I settled down onto the grass beside him and leaned back, accidentally brushing my hand across his as I did so. Instead of pulling away or even looking startled, he offered me a reassuring smile before returning his gaze toward the stars. As I turned my attention as well, I thought back to last time Sapphy had stayed at my house. She'd been working on a project for her science class and we'd tried to stay up, waiting for a meteor shower, but fell asleep on my balcony. I giggled, lost in the memory, which drew his attention. This time his hand brushed mine and I jumped slightly and then blushed. "Sorry, I was thinking of my sister."
"Don't be sorry. I imagine she's very important to you," he said.
"She is, they are – all of them," I said. Though he didn't press, I sensed his curiosity, "I have two brothers and two sisters. And a brother-in-law," I added, thinking of Lotus.
"So, was it your sister's wedding then?"
"No," I said, shaking my head. For several minutes, we were silent – I suspected he had questions but he returned his attention to the sky, leaving me to think. "It was mine," I whispered, barely audible. "I was my wedding."
To my astonishment, he didn't react. I expected him to pull his hand away or at least look startled. Instead he nodded, as if I'd simply confirmed his suspicions, "I'm sorry."
"Because you're here and your bridegroom is not. I assume it didn't go well," Lochi said as he sat up and turned his gaze toward me. "So, I'm sorry."
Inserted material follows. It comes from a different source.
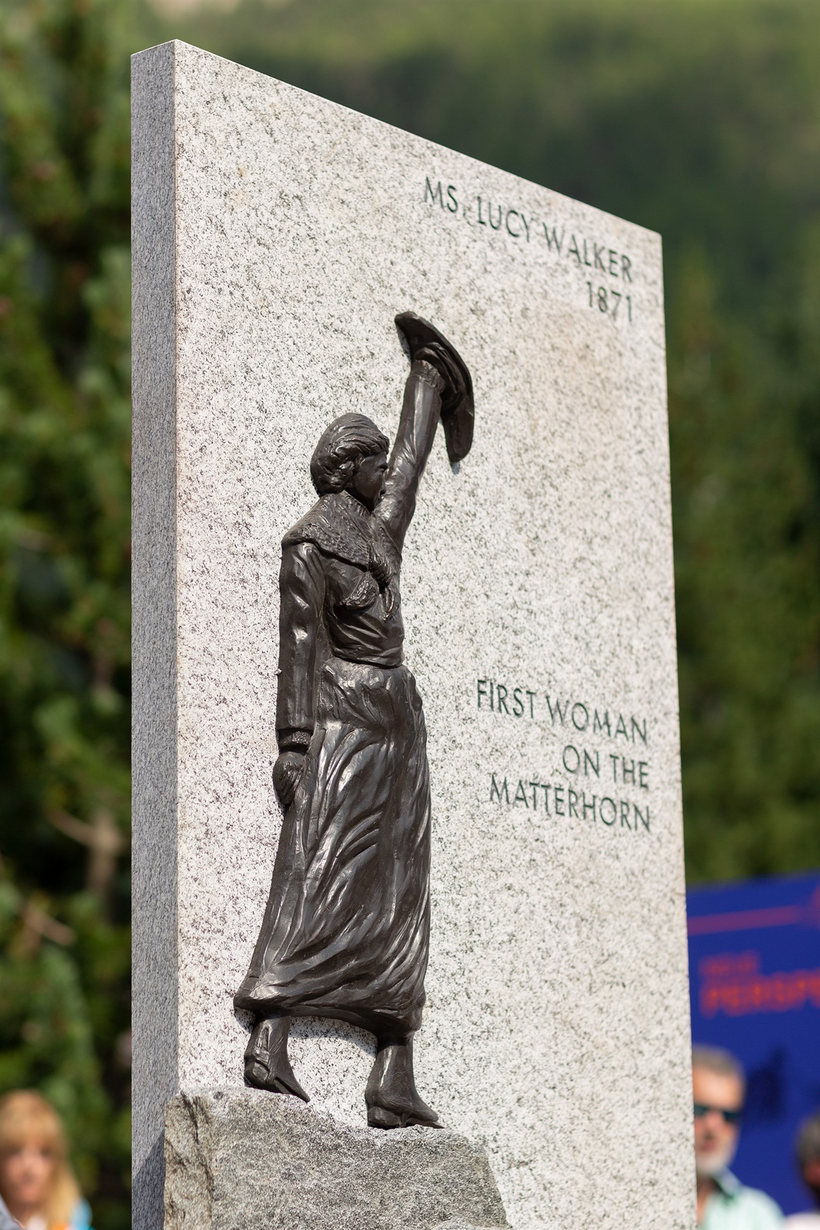 Am Donnerstag, 22. Juli 2021, jährte sich die Erstbesteigung des Matterhorns durch Lucy Walker – der ersten Frau auf dem Matterhorn – zum 150. Mal. Als Hommage an die bemerkenswerte Leistung der Britin enthüllte Bundesrätin Viola Amherd gemeinsam mit der Gemeindepräsidentin Romy Biner-Hauser auf dem Museumsplatz in Zermatt die Skulptur einer Bergsteigerin von Bildhauer Stefan Mesmer-Edelmann.

"That would be... accurate," I said with a sad laugh. "Yes, it did not go well. It was catastrophic actually." I felt the rush of tears I'd been avoiding all week and turned away quickly. Lochi waited quietly as I dug my palms into my eyes to stem the flow and then laid a hand on my shoulder as my breathing became regular again. "I don't want to go back home – how terrible is that? I mean I do – because of my family but no one here reads American tabloids..."
"China probably isn't where you want to live long term though," Lochi offered with a smile. "Nice for a visit and all..." I chuckled and felt my body start to relax once more. My stomach's growling broke up the moment and soon we were both on our feet.
As usual, Lochi offered me his arm as we walked back to the hostel.